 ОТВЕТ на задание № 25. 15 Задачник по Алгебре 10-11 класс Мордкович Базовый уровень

========================================

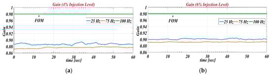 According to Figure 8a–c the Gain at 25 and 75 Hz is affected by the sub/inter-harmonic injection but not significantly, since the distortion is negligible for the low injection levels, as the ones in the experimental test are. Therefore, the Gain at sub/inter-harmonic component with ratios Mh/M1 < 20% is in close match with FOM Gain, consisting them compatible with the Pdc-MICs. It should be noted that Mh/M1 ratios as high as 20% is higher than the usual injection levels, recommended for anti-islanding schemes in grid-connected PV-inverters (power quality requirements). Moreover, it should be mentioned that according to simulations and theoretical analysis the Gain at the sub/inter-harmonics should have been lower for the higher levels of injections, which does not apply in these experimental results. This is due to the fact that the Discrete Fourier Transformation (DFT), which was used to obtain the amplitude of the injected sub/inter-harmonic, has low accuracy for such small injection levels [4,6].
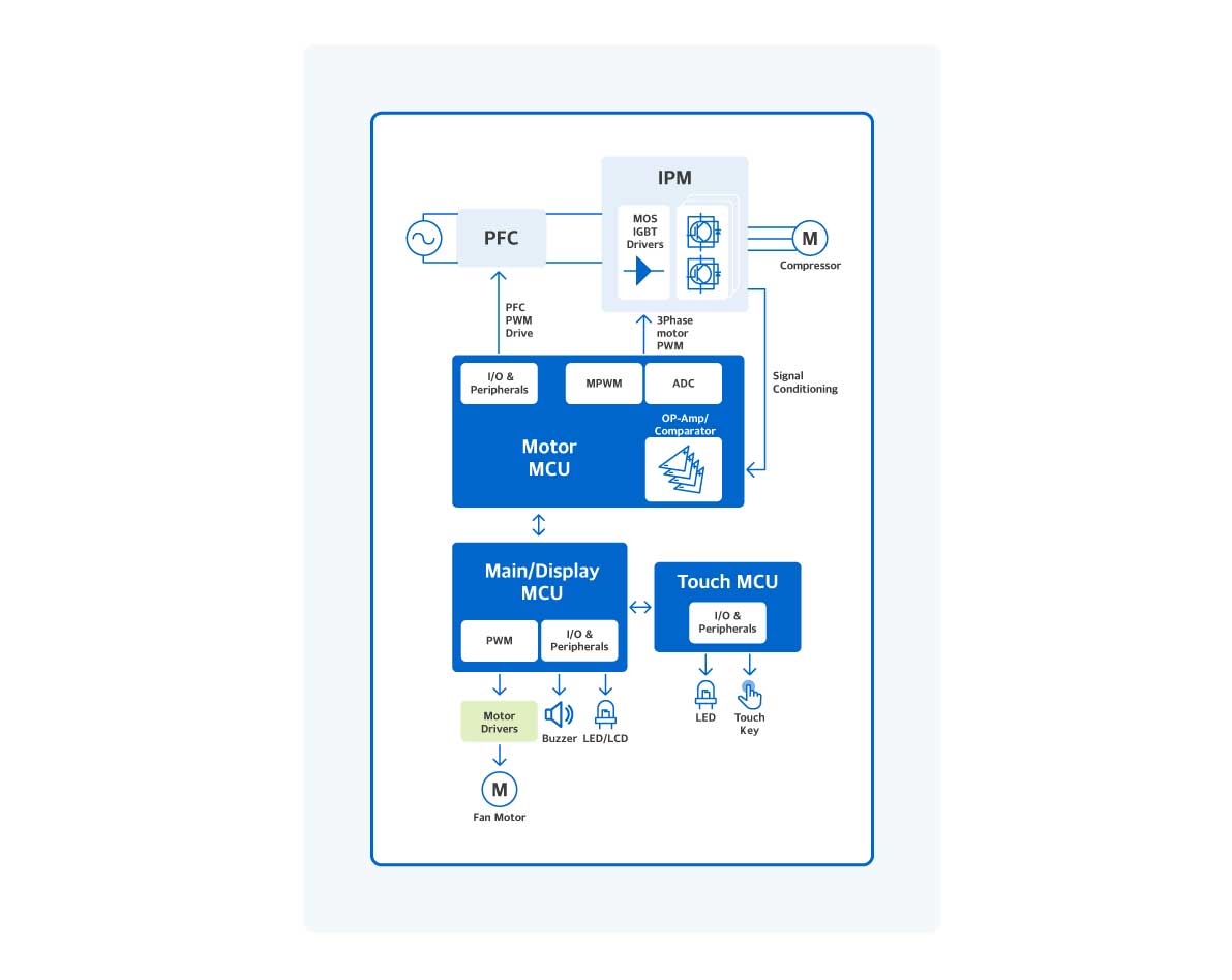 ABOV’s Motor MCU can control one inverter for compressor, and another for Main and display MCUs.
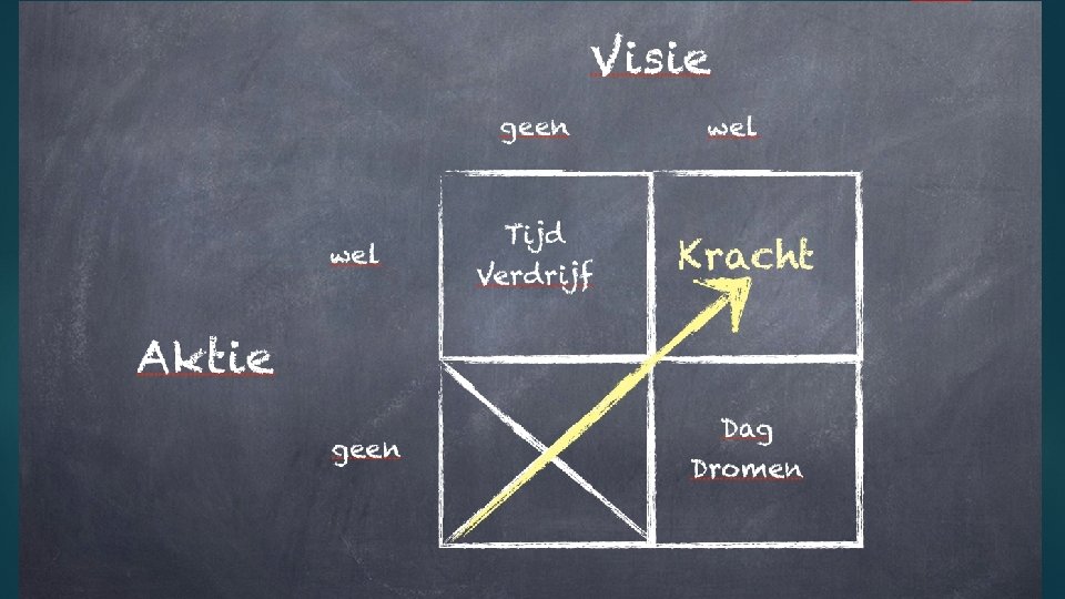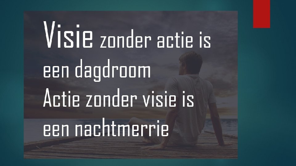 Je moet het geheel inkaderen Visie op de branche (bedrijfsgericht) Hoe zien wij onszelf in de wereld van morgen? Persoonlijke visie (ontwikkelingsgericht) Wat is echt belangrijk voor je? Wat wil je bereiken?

========================================

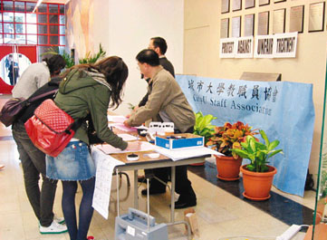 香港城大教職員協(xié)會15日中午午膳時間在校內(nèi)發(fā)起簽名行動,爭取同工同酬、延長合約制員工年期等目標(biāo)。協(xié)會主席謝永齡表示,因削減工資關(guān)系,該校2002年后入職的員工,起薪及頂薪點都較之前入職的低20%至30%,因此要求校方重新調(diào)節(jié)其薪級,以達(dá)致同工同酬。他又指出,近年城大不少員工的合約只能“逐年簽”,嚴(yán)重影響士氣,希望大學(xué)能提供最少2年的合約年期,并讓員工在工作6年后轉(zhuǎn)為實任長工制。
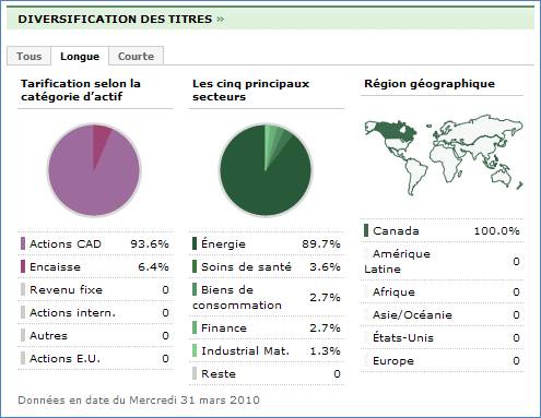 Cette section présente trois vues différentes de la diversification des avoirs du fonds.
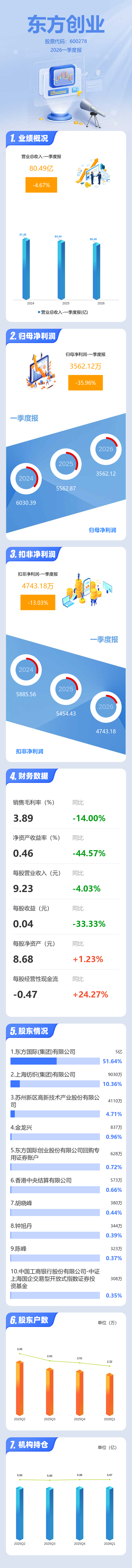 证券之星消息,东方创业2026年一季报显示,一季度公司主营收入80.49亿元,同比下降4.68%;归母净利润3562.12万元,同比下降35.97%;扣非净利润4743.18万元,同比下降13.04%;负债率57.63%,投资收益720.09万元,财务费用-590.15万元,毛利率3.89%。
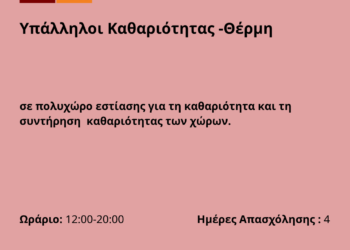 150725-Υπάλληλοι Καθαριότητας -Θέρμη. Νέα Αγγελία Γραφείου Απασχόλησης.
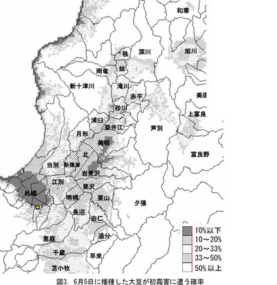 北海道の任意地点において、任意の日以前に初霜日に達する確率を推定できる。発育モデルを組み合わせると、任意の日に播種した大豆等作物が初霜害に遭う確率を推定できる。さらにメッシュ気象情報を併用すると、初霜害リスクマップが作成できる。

========================================

AIM OF THE EXERCISE – Starting with the line that contains "150725-Υπάλληλοι Καθαριότητας -Θέρμη." and finishing with the line that contains "北海道の任意地点において、任", reproduce every line of the material above exactly, but not the pictures.

WRITTEN RESPONSE –
 150725-Υπάλληλοι Καθαριότητας -Θέρμη. Νέα Αγγελία Γραφείου Απασχόλησης.
 北海道の任意地点において、任意の日以前に初霜日に達する確率を推定できる。発育モデルを組み合わせると、任意の日に播種した大豆等作物が初霜害に遭う確率を推定できる。さらにメッシュ気象情報を併用すると、初霜害リスクマップが作成できる。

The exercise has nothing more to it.